Yang mengherankan, walaupun pabriknya ada di

Indonesia, tetapi ternyata pemasarannya justru

difokuskan hanya untuk pasar mancanegara, bukan

pasar domestik. Hal inilah yang menginspirasi Hadi

untuk mengambil peluang pemasaran dengan

menggarap pasar dalam negeri yang masih sangat terbuka.

Perbincangannya dengan pemilik perusahaan

Jepang, Hadi baru tahu kalau ternyata izin

pemasaran produk selimutnya memang bukan untuk

Indonesia, melainkan khusus pasar ekspor sehingga

dia tidak berani memasarkannya di Indonesia

sendiri. Kebanyakan selimut yang diproduksinya

juga merupakan pesanan dari beberapa pemilik

merek terkenal, dan hanya untuk melayani pasar di luar negeri.

Bukan Hadi namanya kalau menyerah begitu saja.

 

Dia mulai mencari cara agar bisa memasarkan

selimut tersebut di dalam negeri, walaupun

jumlahnya mungkin belum bisa banyak. Akhirnya,

berkat cerita dari orang Jepang tersebut, Hadi

mendapatkan sebuah ide cemerlang untuk

memanfaatkan sebuah peluang yang lebih dahsyat.

Sebagaimana perusahaan besar lainnya, dalam

setiap produksi biasanya selalu ada spare atau

kelebihan produksi untuk setiap model yang dibikin.

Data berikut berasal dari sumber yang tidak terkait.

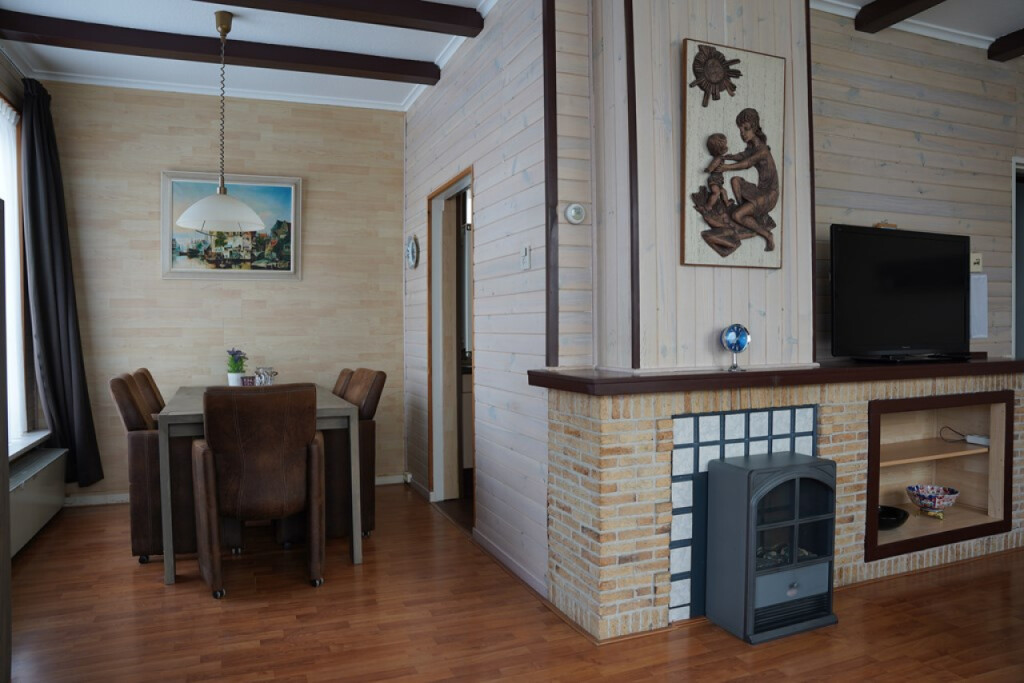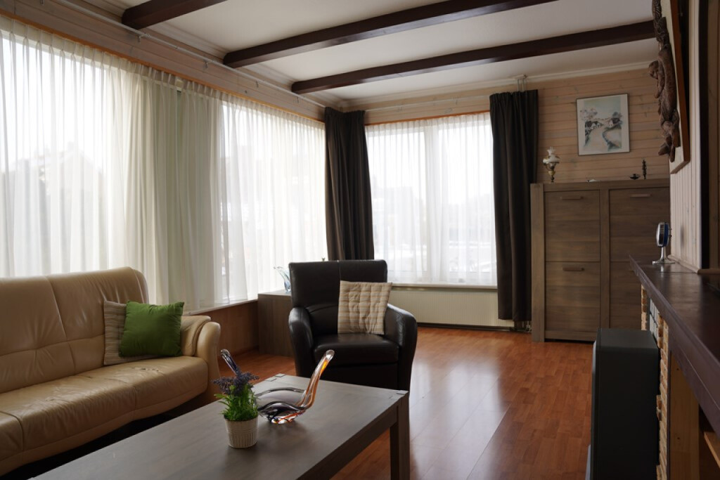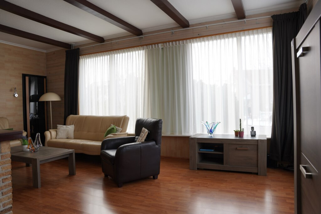 Vanuit hier loop je door naar de L-vormige woonkamer met laminaatvloer en een sfeervolle sierschouw. Het daglicht valt hier prettig naar binnen en de ruimte voelt open en overzichtelijk aan.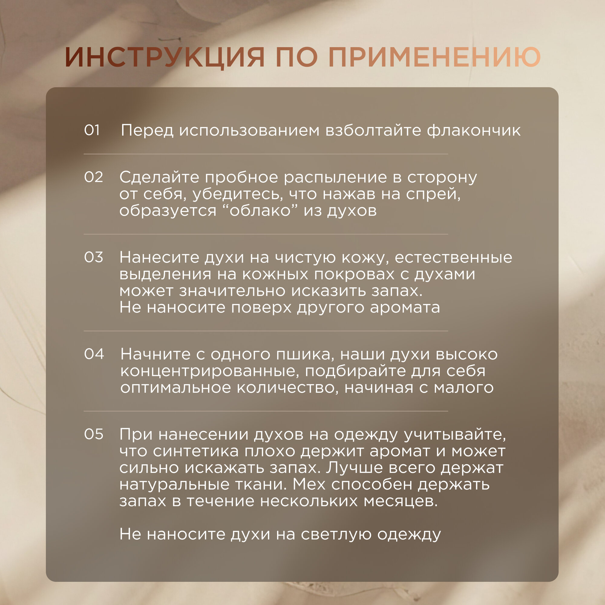 | Ноты | Цветочные / фруктовые / цитрусовые / древесные / шипровые / Восточные |

Demikian juga dengan perusahaan Jepang ini.

Perusahaan ini selalu membuat sedikit lebih banyak

dari pesanan pembeli yang ada di luar negeri.

Kelebihan produksi tersebut dimaksudkan untuk

mengantisipasi seandainya ada produk yang rusak

sehingga pengiriman tidak terganggu.

Berhubung selimut tersebut merupakan produk

yang khusus untuk dijual di luar negeri, kelebihan

produksinya tidak bisa dipasarkan di dalam negeri

dan harus dimusnahkan. Setiap bulan perusahaan

Jepang tersebut selalu melakukan pemusnahan atas

kelebihan produksinya. Peluang inilah yang segera

dicium Hadi. Dia pun langsung berusaha meyakinkan

dan melobi pemilik perusahaan agar memberinya hak

untuk membeli kelebihan produk yang biasa dimusnahkan.

Awalnya orang Jepang keberatan. Ia tidak berani

 

mengambil langkah yang menurutnya cukup

berisiko. Namun berkat kegigihannya, akhirnya

permintaan Hadi disetujui. Tentu saja dengan satu

syarat, dia tidak boleh menjualnya di mal atau

department store. Hadi hanya dibolehkan menjual

 

selimut kelebihan produksi tersebut ke para

tetangga atau komunitasnya saja. Supplynya juga

tidak bisa dipastikan karena mengikuti kondisi

proses produksi yang ada di perusahaan. Syarat

tersebut langsung disanggupinya dengan sukacita.

Berbekal beberapa buah selimut sebagai contoh,

 

Hadi pun mulai “bergerilya”. Dalam setiap

kesempatan, dia selalu bercerita tentang mainan

barunya tersebut. Di antara temannya, ada yang

menyambutnya dengan antusias. Namun, tidak

sedikit pula yang menyambutnya dengan dingin

alias cuek saja. Mungkin mereka menganggap bisnis

di bidang ini tidak mempunyai prospek yang jelas.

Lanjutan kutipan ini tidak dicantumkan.